Соня и Петя, внезапно соединённые с маленьким дрожащим мальчиком и друг с другом, были заняты лишь тем, чтобы не разлучиться. С трудом оторвав мальчика от мамы, Соня снова взяла его на руки.
— Мама спит, видишь? Ты пойдёшь со мной. Не дрожи же ты так! — В зимнем пальто мальчик был тяжёлый, Соня боялась уронить его. И боялась поставить на землю — опять он побежит к матери. — Мы найдём мою маму, слышишь? Ты станешь моим братиком. У меня теперь будет три брата: Родя, Петя и ты. Ты не знаешь, какая мама добрая, она тебя не бросит. Петя, встань. Пойдём же! — Но уверенности в том, что она найдёт маму, не было, и эта неуверенность прозвучала.
Тошнотворно и сладко пахнет дым. С неба мокрой крупой сеется серый снег.
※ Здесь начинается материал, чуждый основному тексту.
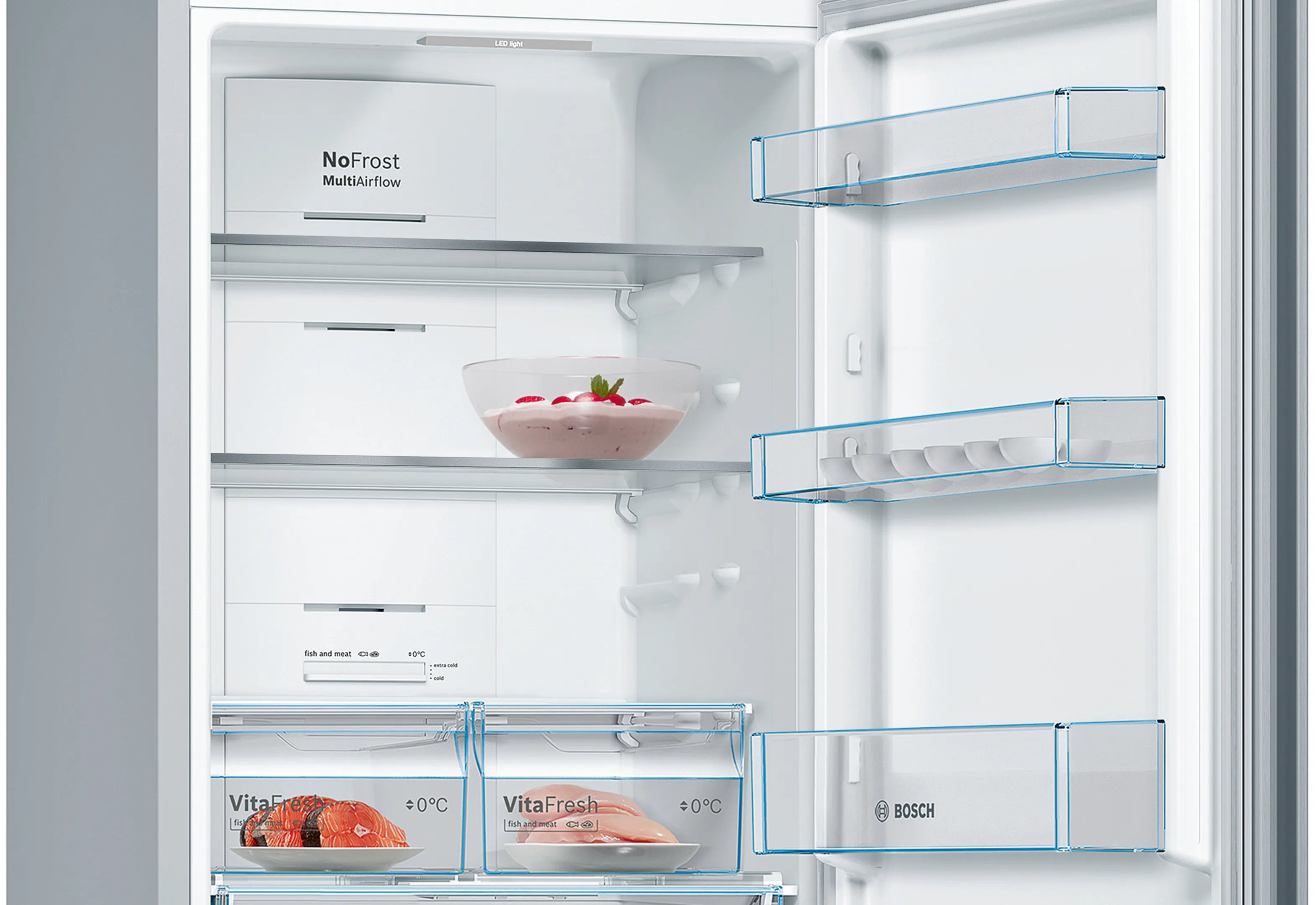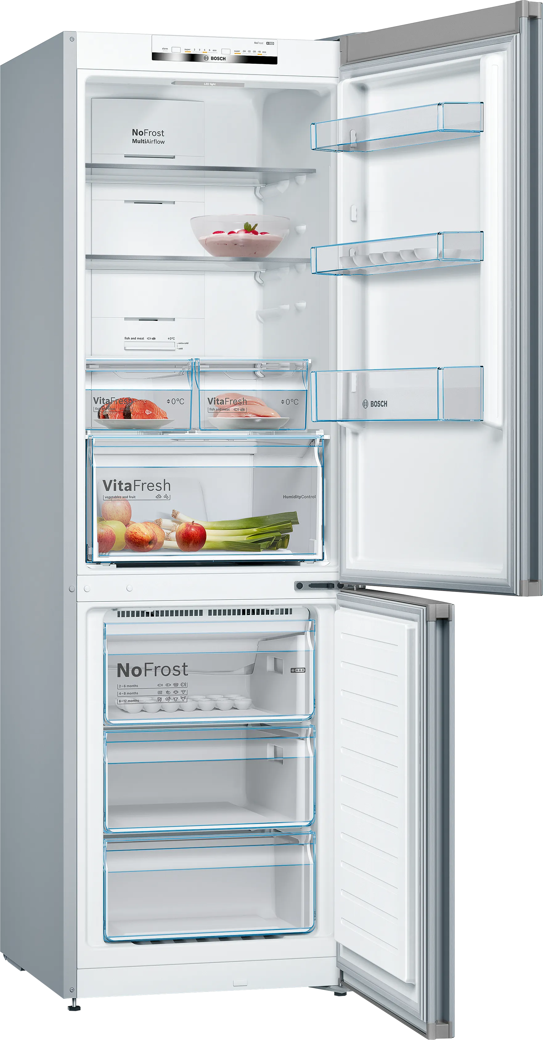 З холодильником Bosch KGN36VL326 ваші продукти завжди залишатимуться свіжими, а енергія - заощадженою, що робить його відмінним вибором для кожної сучасної кухні.

Вначале, как только очнулась, она была убеждена, мама здесь, близко, и тут же найдётся, лишь стоит громко, во весь голое, позвать её. Но время шло — сгущались сумерки, а мама не откликалась. Да и звать незачем — если бы мама была жива, она давно нашла бы Соню! Это простая мысль усадила её на землю вместе с мальчиком — значит, мама не жива. Где-нибудь, в одной из куч мертвецов, вот так же лежит, и кто-то проходит мимо равнодушно, не зная, что это её мама. От мальчика к Соне перешла дрожь. Соня хотела всё это сказать Пете и не могла. До сих пор Соня не чувствовала холода, а теперь холод, идущий от земли, проник к телу, стянул кожу.
Если бы мама была жива…
Значит, не жива.
А может, ранена, не может встать и ждёт, что Соня ей поможет. Или мёртвые придавили её так, как придавили мальчика, а помощь задержалась?
Соня неуклюже, преодолевая сопротивление собственного тела и противную мелкую дрожь, стала поднимать мальчика с земли, не смогла, поставила его на ноги, взяла за руку.
— Петя, вставай, пойдём. Мы должны найти мою маму. Я прошу…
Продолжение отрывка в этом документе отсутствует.